# Tiny holes in tiny arugula



## Cookie Monster (Apr 5, 2008)

So my cute little arugulas (about a half inch tall) are being eaten by something ultra tiny. It looks like someone took a pin and punched little holes all in the tiny little leaves. What on earth? It's growing right next to some butter lettuce and there isn't a mark on the lettuces... Something really likes baby arugula! 

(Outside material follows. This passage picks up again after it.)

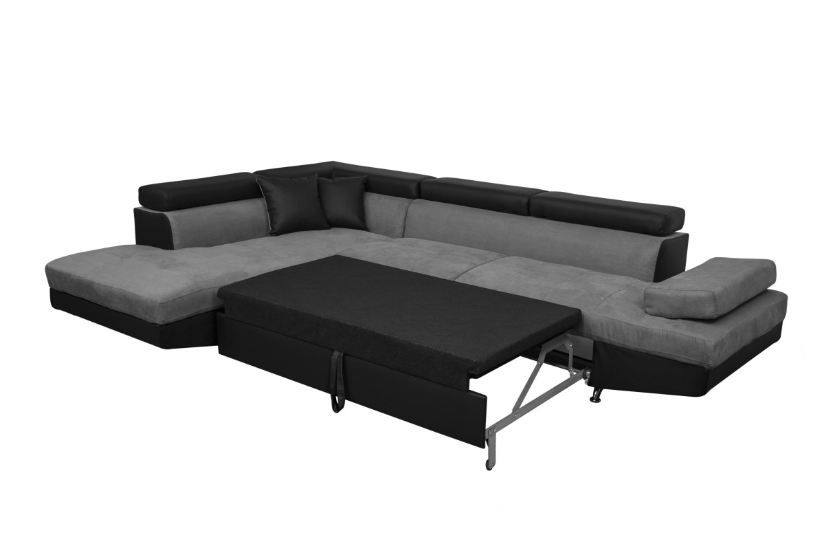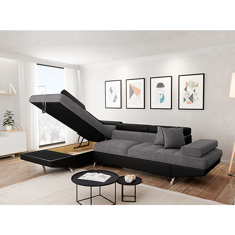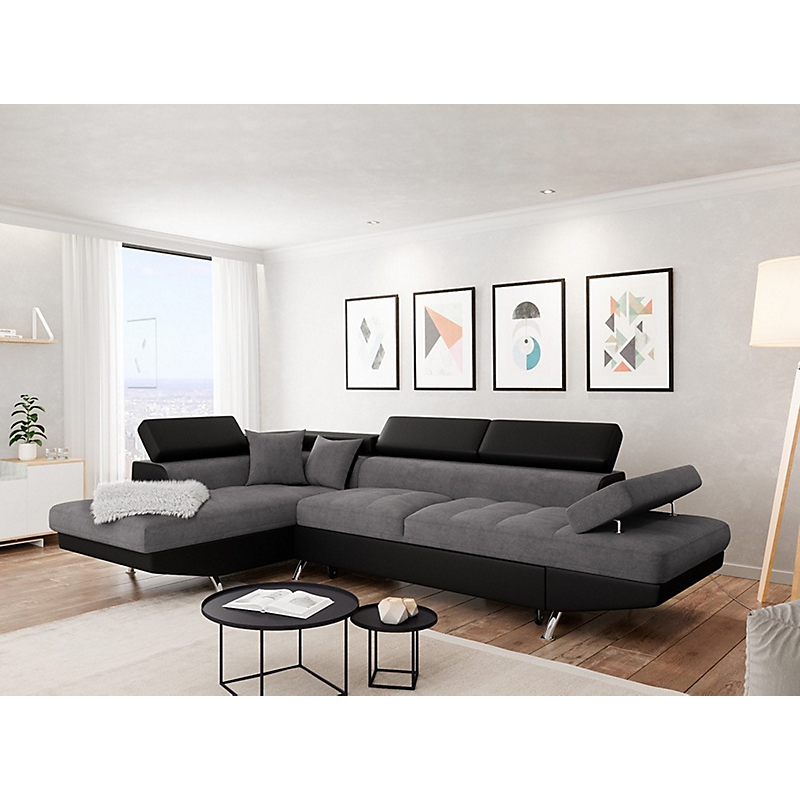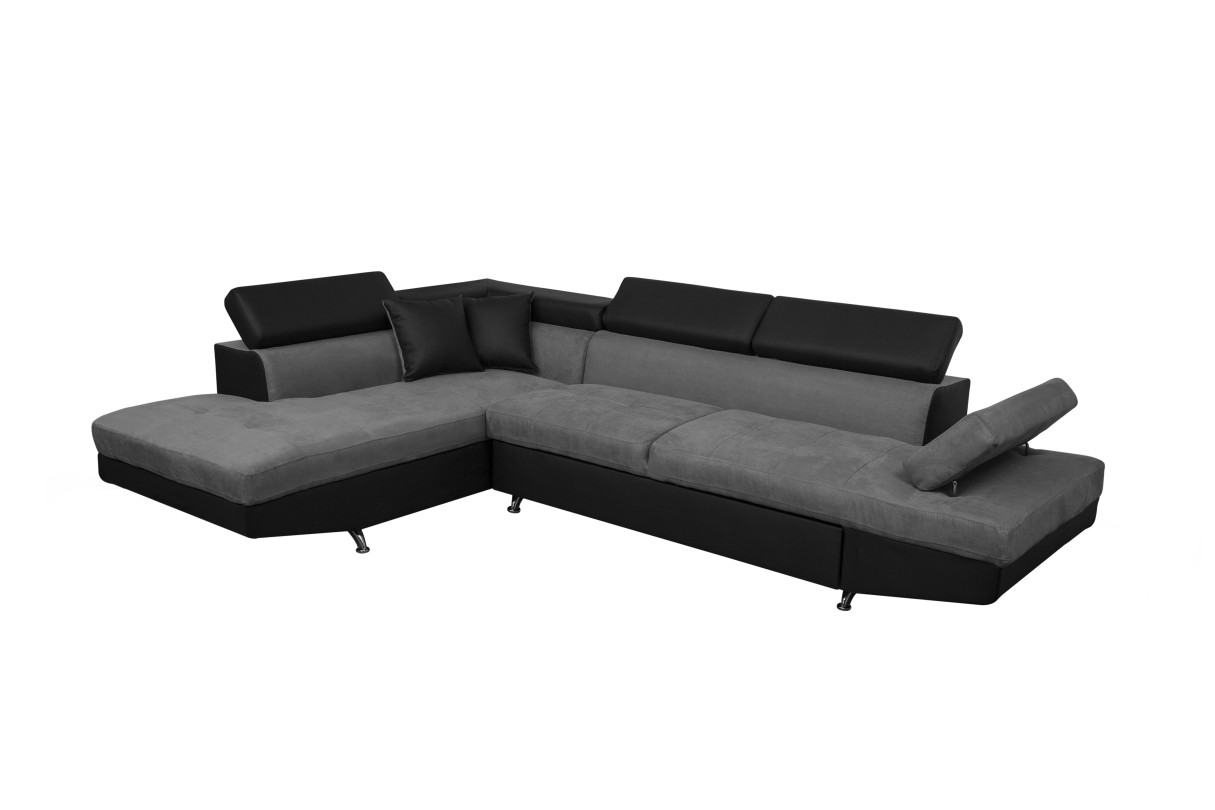 | Libellé | Canapé d'angle RIO convertible avec coffre en microfibre et simili - Angle Gauche, Gris et Noir |

Should I spray with Organicide? I hate to spray greens I'm going to eat, but I would like to have some greens to eat... 

Thanks!


----------



## chickenista (Mar 24, 2007)

I would guess flea beetles..
You can take a plastic lid or something and put some oil or vaseline on it and swish it by the plants.. the beetles will jump and stick.. works great with other bugs too.
You could spray with a garlic/onion/pepper spray or with something strongly minty or even some soap and oil and water mixed. 
If you want to get nasty you could spray with tobacco tea..or sprinkle with snuff.
But even if it is not flea beetles, but another pest the same ideas should help.


----------



## ToddB (Oct 10, 2008)

Try covering your crop when it's first planted, or in this case get rid of them and then cover. You can use remae that can be re-used over and over again. Remae is just a thin cloth that lets in sun and water but no pests. I use it all the time especially on starters.



www.passagecreekfarm.com


----------



## anniew (Dec 12, 2002)

spelled Remay...or also called floating row cover...comes in various names and weights.


----------